Bengt Hellström, AP3 Head of Alternative Investments, explained; “They are investments that generate stable returns over time – returns that are not dependent on the same factors that determine the performance of our other important asset classes like equities and bonds. Alternative investments are about diversifying portfolio risk and generating the best possible returns for the pension system.”

Insurance-linked investments, such as ILS fund allocations, catastrophe bonds and other vehicles such as reinsurance sidecars, as well as being a return driver these provide AP3 with a mechanism to “achieve low correlation with total risk.”

For major pension funds of the world, this is becoming an increasingly important goal, especially since the volatile financial and equity market conditions of late 2015. There is a growing interest in increasing the size of absolute return and alternative portfolio allocations among major institutional investors, something the ILS and reinsurance market would be wise to keep an eye on.

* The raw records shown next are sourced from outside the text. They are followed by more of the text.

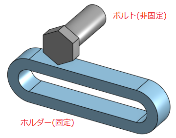 をクリックして図のように選択すると、ボルトがホルダーの穴の左側に移動する。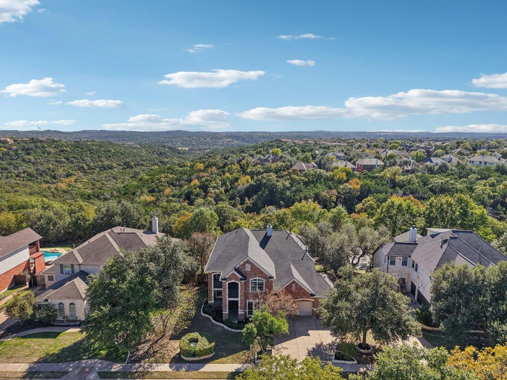 Secure your place in one of Steiner Ranch's most desirable enclaves. This property backs to greenbelt with wonderful views and is distinguished by its location in a section known for larger lots, offering a level of privacy and space that is hard to find. The home itself is a showcase of intelligent design, built around a bright and open floorplan that creates an immediate sense of volume. With 5 spacious bedrooms and 3.5 bathrooms, the layout provides exceptional flexibility. This is a home that can easily accommodate a growing family and dedicated spaces like a home office, game room, or private media room. The two-story living room features a wall of windows, filling the home with natural light and offering private views of the green landscape. The kitchen is an entertainer's hub, featuring a large central island with bar seating, granite countertops, and warm wood cabinetry. The home's true highlight is its connection to the outdoors. A stunning two-tier deck extends the living space dramatically, creating a perfect stage for hosting friends or enjoying quiet evenings. From here, you can take in the pretty hill country views that make this area so special. The generous backyard, a direct benefit of the larger lot, offers endless possibilities for recreation. This property is your key to the complete Steiner Ranch lifestyle. Enjoy access to three community centers with pools, playgrounds, and tennis courts. Explore over 20 miles of hiking and biking trails that wind through the picturesque landscape. Plus, gain exclusive entry to the private residents' Lake Club on Lake Austin for boating, swimming, and lakeside fun. This prime location is also a short walk to top-rated schools, and is zoned for the highly-acclaimed Vandegrift High School. This is a rare chance to own a substantial home where location, views, and an abundance of space come together perfectly. Recent roof, plumbed for water softener and lined for car charger.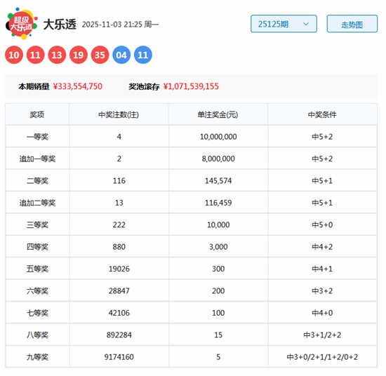 上期开奖:体彩大乐透第2025125期开奖号码为:10 11 13 19 35 + 04 11。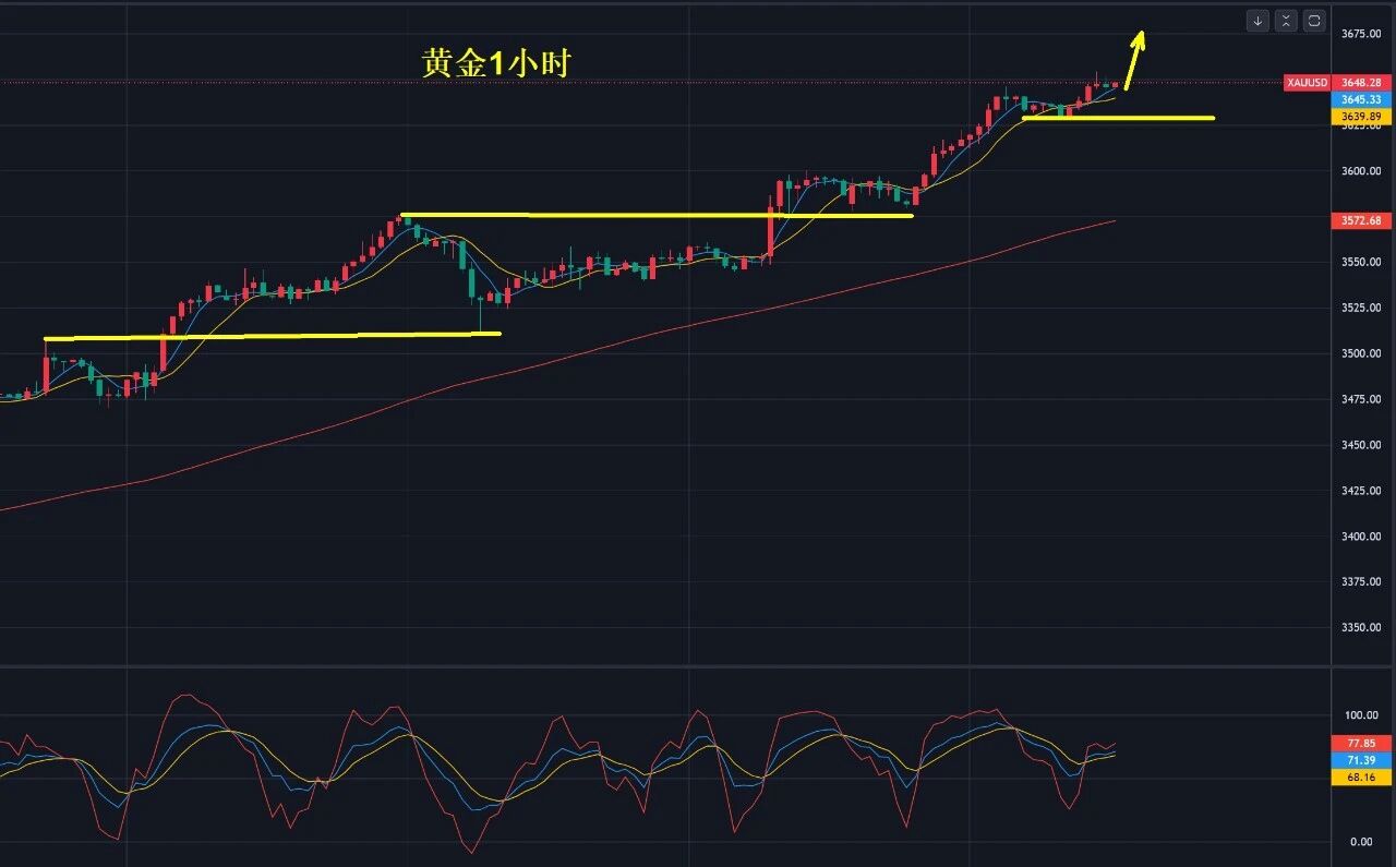 黄金已经强调了无数次,趋势为王,如此简单的原则,仍然有人不信邪!侥幸抄顶,只会被按在地上摩擦!看似是展现高超的技术,实则是还没有入门!唯有顺势,才是翻倍的不二法门!在强大的市场面前,我们都是微不足道的,犹如沧海一粟。尊重市场,放弃对抗思维,一切都应以市场的变化而变化,不应该把个人意志强加给市场。市场是不考虑任何人的感受的,它有其自身运行的方式和规律,顺从它了,就奖励你;忤逆它了,就惩罚你。 消息面: 黄金周一首次突破每盎司3600美元的水平,创下历史新高,因疲软的美国劳动力市场数据强化了美联储下周降息的预期。现货金上涨1.3%,至每盎司3634.25美元。金价盘中创下3646.29美元的历史

AP3 has been investing in insurance, climate and weather related securities, as it terms them, since 2008, seeing them as a way to help make the pension fund’s returns more stable over time, as well as benefiting from the low correlation.

The investments include both catastrophe bonds and weather derivatives and AP3 was the first investor in Sweden to target those instruments, since which it has built a team and developed relationships with universities and research institutions.

AP3 has clearly become quite sophisticated in its allocation to ILS, saying that it continuously monitors climate factors such as El Nino “because it affects hurricane activity in the Pacific and Atlantic oceans and has a bearing on our risk and returns.”

AP3 considers ILS both “strategic and long-term” as an asset class, recognising that it will benefit in years where losses are light but also that there are risks of major losses when large catastrophe events occur.

“These losses are unavoidable and part of the underlying investment strategy. The key point is that, over time, the investments are expected to deliver positive returns,” AP3’s annual report explains. A sensible approach to the ILS asset class.

Insurance and reinsurance linked investments are part of AP3’s strategy to invest in assets that can provide a buffer against financial market volatility. ILS is seen as one way to help stabilise the returns of the pension fund, particularly in the event of volatility in equity markets.

“This strategy looked attractive on the drawing board 10 years ago. And looking back, we can see that the returns have exceeded our expectations,” commented Mårten Lindeborg, AP3 CIO.

And AP3 has seen its ILS investments perform as expected, providing a very attractive return while the low correlation and diversification has been as expected.

“Fundamentally we know that natural disasters are not caused by political decisions or changing economic cycles. If we look back historically, this portfolio has demonstrated a very low correlation with the equity market and still generated a positive return every year at an annual average of 9.7%,” explained Dan Bergman, AP3 portfolio manager.